Ok, dann ist das ja geklärt. Und das richtige ist es auch wohl.
Ich hatte es bisher halt so verstanden, das Du die Strecke berechnen wolltest, auf der das Sägeblatt eingreift.

Wenn du die Schnittgeschwindigkeit konstant halten willst, gilt:
(für V und U kannst Du Dir natürlich die Einheiten aussuchen)

V = (n *2*r*Pi) +/- VSäge (+ oder - je nachdem, ob Du in oder in Gegenrichtung der Sägeblattrichtung drehst)

n = (V +/- VSäge) / (2*Pi*r) 

n ist die Zieldrehzahl, V Deine Wunschschnittgeschwindigkeit.


V ist gegeben, und der Radius muss aus der Sägeblattposition errechnet werden.


----------



## Onkel Dagobert (14 Januar 2010)

*Motorstrom*

Hallo Markus,

der Vergleich zu einer Drehbank gefällt mir gar nicht. Bei einer Drehbank ist die Schnittgeschwindigkeit abhängig von der Drehzahl und dem Durchmesser. Eine Erhöhung des Vorschubs bei kleinerem Radius wäre für den Meißel tödlich. Bei deiner Anwendung kann man diese beiden Größen eventuell vernachlässigen, da das Sägeblatt vermutlich sehr viel schnell dreht als das Werkstück.(?)

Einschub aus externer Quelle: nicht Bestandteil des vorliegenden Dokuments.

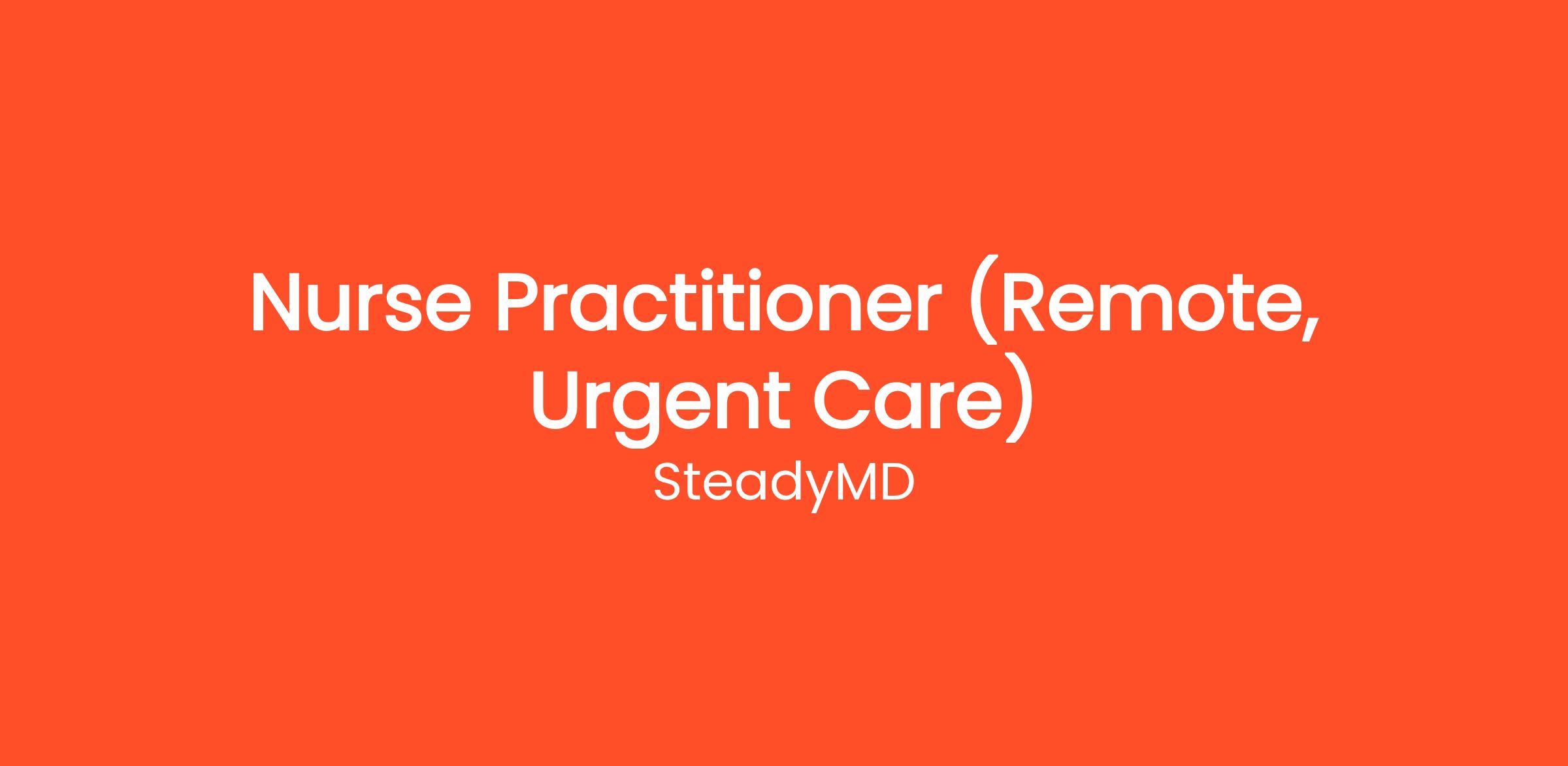SteadyMD is excited to invite Nurse Practitioners with licenses in at least 5 states (3 of which must be in AZ, WA, PA, MN, CA, TX, or NY) to join our diverse and growing talent pool for a potential role in our urgent care telehealth program.
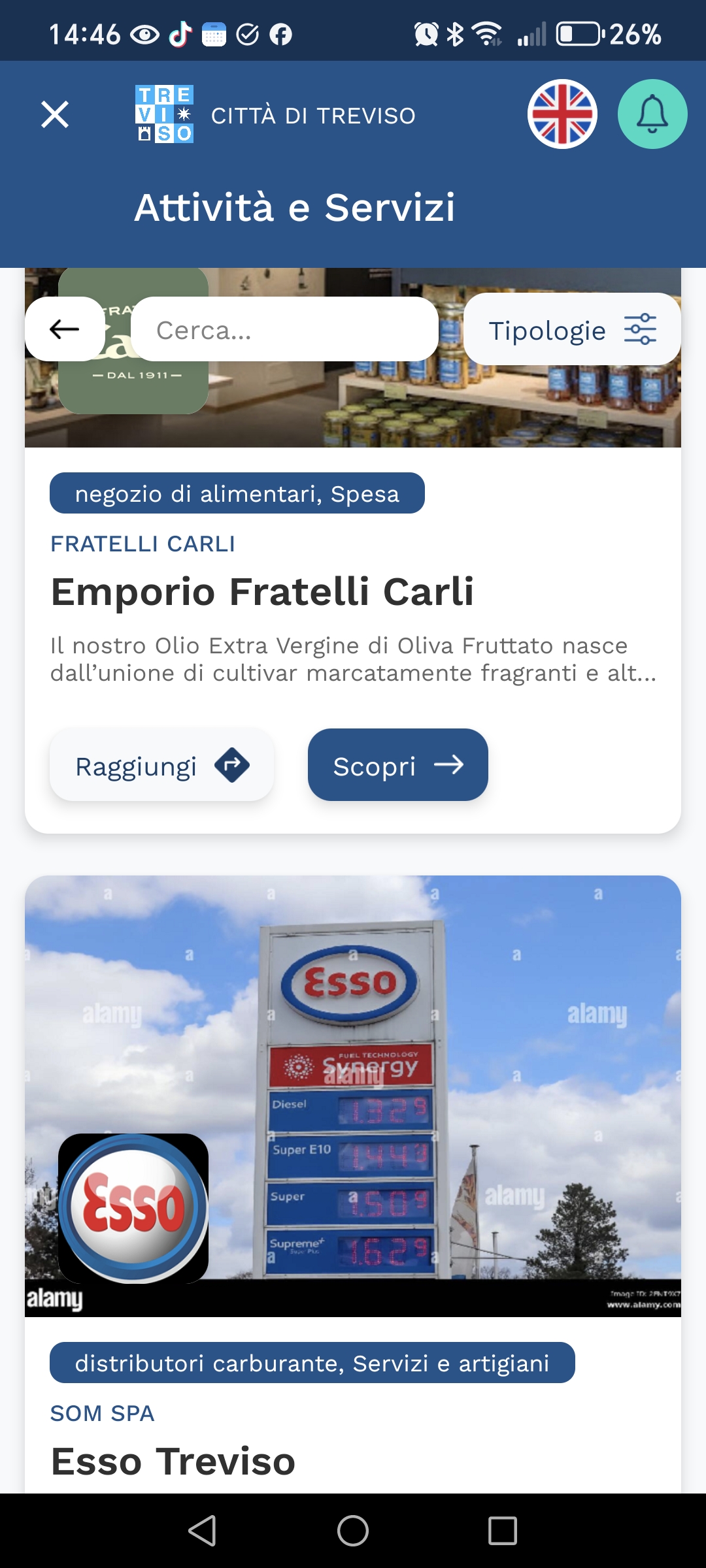 - Filtrare le attività per categoria e sottocategoria e ordinare i risultati per vicinanza o per ordine alfabetico

Vielleicht kannst du den Motorstrom bzw. die Leistung der Säge zum Regeln des Vorschubs verwenden?

Die Belastung eines einzelnen Sägezahns würde sich in jedem Fall durch den größeren Vorschub vergrößern, was auch mit erhöhtem Verschleiß verbunden ist.


Gruß, Onkel


----------



## Grubba (14 Januar 2010)

> der Vergleich zu einer Drehbank gefällt mir gar nicht. Bei einer Drehbank ist die Schnittgeschwindigkeit abhängig von der Drehzahl und dem Durchmesser. Eine Erhöhung des Vorschubs bei kleinerem Radius wäre für den Meißel tödlich.


 
Hab gerade noch mal meinen Beitrag #12 gelesen. Meinte natürlich auch die Erhöhung der Drehzahl und nicht des Vorschubs!

Sorry und Danke für Dagoberts Hinweis.


----------



## Markus (14 Januar 2010)

Also....
das Sägeblatt hat einen Durchmesser von 1700mm - 1900mm und es dreht mit 400-600 U/min (Zähnezahl kenne ich jetzt nicht)

Die Rolle darunter dreht mit 3-10 U/min

Die gesägte Rolle dreht sich entgegen dem Sägeblatt.

Inzwischen habe ich mir das so ausgemahlt:

- die zu Sägende Rolle möglichst schnell laufen zu lassen (Konstant)

- den Sägevorschub so zu erhöhen dass die schnittfläche cm²/s immer gleich bleibt.


Ist richtig, kann man nicht so 100% mit der Drehmaschine vergleichen.


Mein Radius ist bekannt, die Fläche die ich in einer Sekunde wegspahnen soll auch, also weiß ich auf welchem radius ich nach dieser Sekunde sein muss, dadurch errechnet sich die Vorschubgeschwindigkeit.


----------